EXERCISE: Extract every entry word for word. Skip the pictures.

DATA TO EXAMINE:

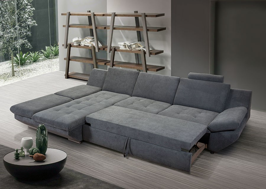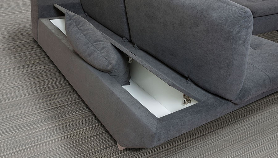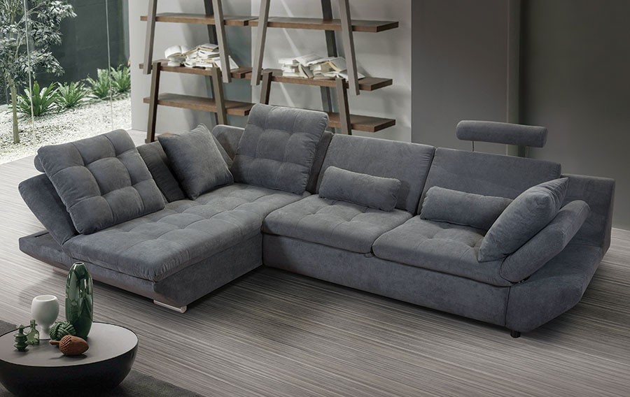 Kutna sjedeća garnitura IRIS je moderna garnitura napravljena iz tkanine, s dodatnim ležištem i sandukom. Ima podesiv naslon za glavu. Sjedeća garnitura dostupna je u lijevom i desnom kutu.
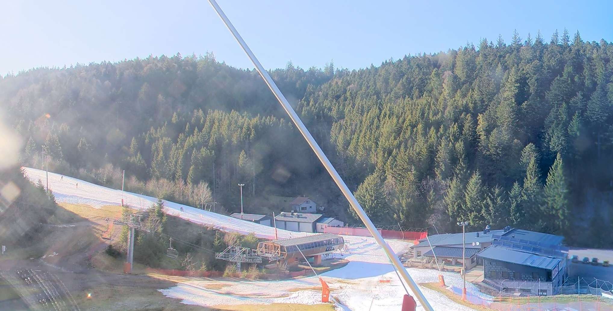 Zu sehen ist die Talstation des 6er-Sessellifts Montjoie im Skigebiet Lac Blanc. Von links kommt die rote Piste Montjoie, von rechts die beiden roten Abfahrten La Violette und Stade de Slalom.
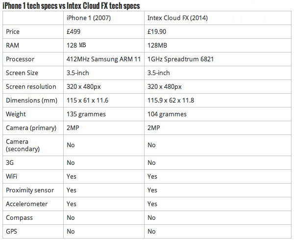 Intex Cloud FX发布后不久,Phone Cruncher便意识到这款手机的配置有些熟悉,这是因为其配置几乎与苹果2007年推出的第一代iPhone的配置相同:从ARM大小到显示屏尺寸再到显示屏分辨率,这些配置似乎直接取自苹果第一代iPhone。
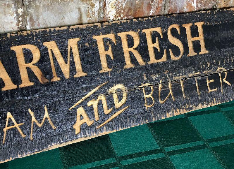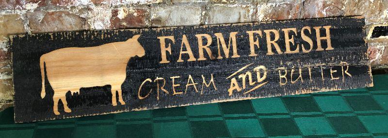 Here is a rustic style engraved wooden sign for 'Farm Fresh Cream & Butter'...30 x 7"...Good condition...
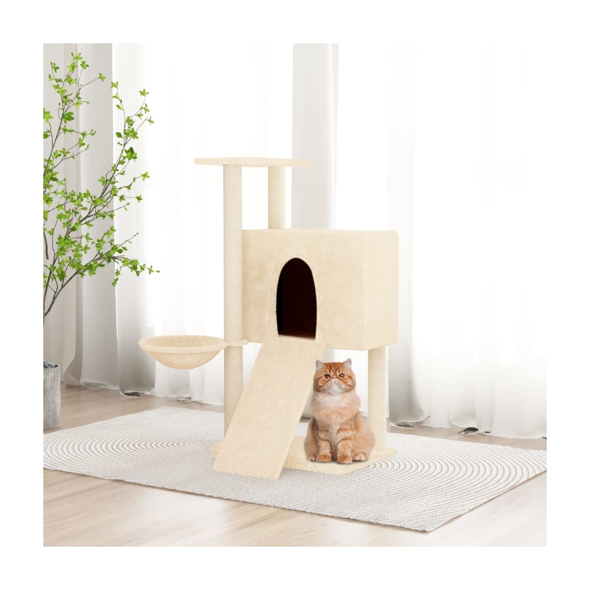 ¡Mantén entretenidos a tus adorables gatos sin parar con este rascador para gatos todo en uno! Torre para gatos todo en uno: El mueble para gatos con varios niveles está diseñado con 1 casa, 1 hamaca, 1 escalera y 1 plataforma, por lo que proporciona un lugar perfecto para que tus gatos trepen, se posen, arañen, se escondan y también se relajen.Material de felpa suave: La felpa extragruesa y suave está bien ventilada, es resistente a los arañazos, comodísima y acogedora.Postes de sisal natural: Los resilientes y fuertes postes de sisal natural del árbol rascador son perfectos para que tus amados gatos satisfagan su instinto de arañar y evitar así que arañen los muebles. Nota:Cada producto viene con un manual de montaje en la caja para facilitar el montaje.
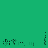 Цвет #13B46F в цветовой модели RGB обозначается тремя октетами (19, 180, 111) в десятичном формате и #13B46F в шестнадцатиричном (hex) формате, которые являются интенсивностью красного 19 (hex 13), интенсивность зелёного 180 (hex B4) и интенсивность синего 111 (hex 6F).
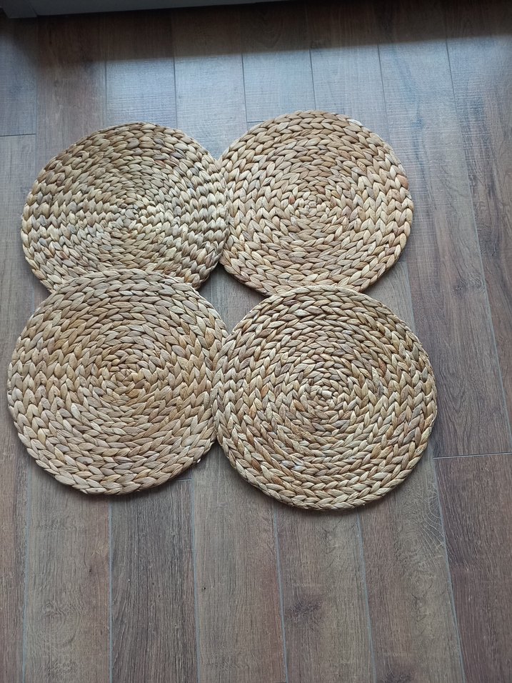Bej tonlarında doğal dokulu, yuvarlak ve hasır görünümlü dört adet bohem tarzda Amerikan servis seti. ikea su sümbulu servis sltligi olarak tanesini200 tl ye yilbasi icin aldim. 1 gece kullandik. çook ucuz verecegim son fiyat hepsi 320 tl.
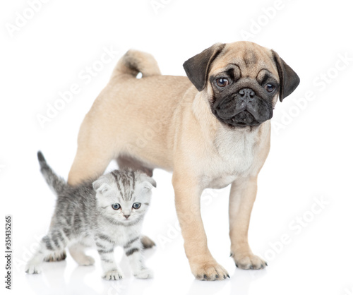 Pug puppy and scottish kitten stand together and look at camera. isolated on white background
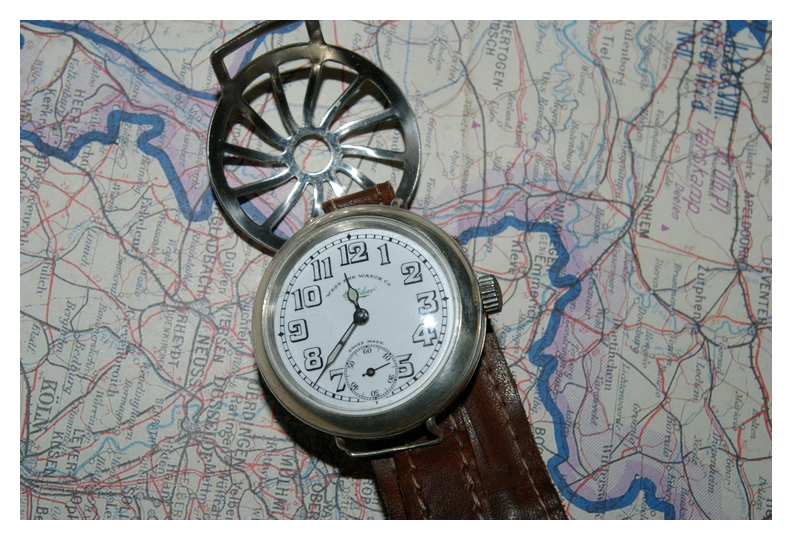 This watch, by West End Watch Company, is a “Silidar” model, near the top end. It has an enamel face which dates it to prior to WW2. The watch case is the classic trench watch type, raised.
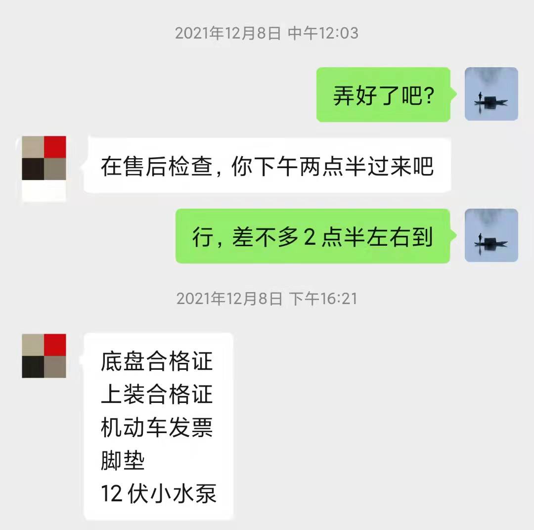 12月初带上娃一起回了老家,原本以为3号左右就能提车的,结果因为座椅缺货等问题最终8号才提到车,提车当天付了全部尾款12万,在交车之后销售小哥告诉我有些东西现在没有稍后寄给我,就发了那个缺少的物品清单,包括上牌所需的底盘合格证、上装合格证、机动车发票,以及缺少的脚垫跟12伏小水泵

ANSWER TO THE EXERCISE:
 Kutna sjedeća garnitura IRIS je moderna garnitura napravljena iz tkanine, s dodatnim ležištem i sandukom. Ima podesiv naslon za glavu. Sjedeća garnitura dostupna je u lijevom i desnom kutu.
 Zu sehen ist die Talstation des 6er-Sessellifts Montjoie im Skigebiet Lac Blanc. Von links kommt die rote Piste Montjoie, von rechts die beiden roten Abfahrten La Violette und Stade de Slalom.
 Intex Cloud FX发布后不久,Phone Cruncher便意识到这款手机的配置有些熟悉,这是因为其配置几乎与苹果2007年推出的第一代iPhone的配置相同:从ARM大小到显示屏尺寸再到显示屏分辨率,这些配置似乎直接取自苹果第一代iPhone。
 Here is a rustic style engraved wooden sign for 'Farm Fresh Cream & Butter'...30 x 7"...Good condition...
 ¡Mantén entretenidos a tus adorables gatos sin parar con este rascador para gatos todo en uno! Torre para gatos todo en uno: El mueble para gatos con varios niveles está diseñado con 1 casa, 1 hamaca, 1 escalera y 1 plataforma, por lo que proporciona un lugar perfecto para que tus gatos trepen, se posen, arañen, se escondan y también se relajen.Material de felpa suave: La felpa extragruesa y suave está bien ventilada, es resistente a los arañazos, comodísima y acogedora.Postes de sisal natural: Los resilientes y fuertes postes de sisal natural del árbol rascador son perfectos para que tus amados gatos satisfagan su instinto de arañar y evitar así que arañen los muebles. Nota:Cada producto viene con un manual de montaje en la caja para facilitar el montaje.
 Цвет #13B46F в цветовой модели RGB обозначается тремя октетами (19, 180, 111) в десятичном формате и #13B46F в шестнадцатиричном (hex) формате, которые являются интенсивностью красного 19 (hex 13), интенсивность зелёного 180 (hex B4) и интенсивность синего 111 (hex 6F).
Bej tonlarında doğal dokulu, yuvarlak ve hasır görünümlü dört adet bohem tarzda Amerikan servis seti. ikea su sümbulu servis sltligi olarak tanesini200 tl ye yilbasi icin aldim. 1 gece kullandik. çook ucuz verecegim son fiyat hepsi 320 tl.
 Pug puppy and scottish kitten stand together and look at camera. isolated on white background
 This watch, by West End Watch Company, is a “Silidar” model, near the top end. It has an enamel face which dates it to prior to WW2. The watch case is the classic trench watch type, raised.
 12月初带上娃一起回了老家,原本以为3号左右就能提车的,结果因为座椅缺货等问题最终8号才提到车,提车当天付了全部尾款12万,在交车之后销售小哥告诉我有些东西现在没有稍后寄给我,就发了那个缺少的物品清单,包括上牌所需的底盘合格证、上装合格证、机动车发票,以及缺少的脚垫跟12伏小水泵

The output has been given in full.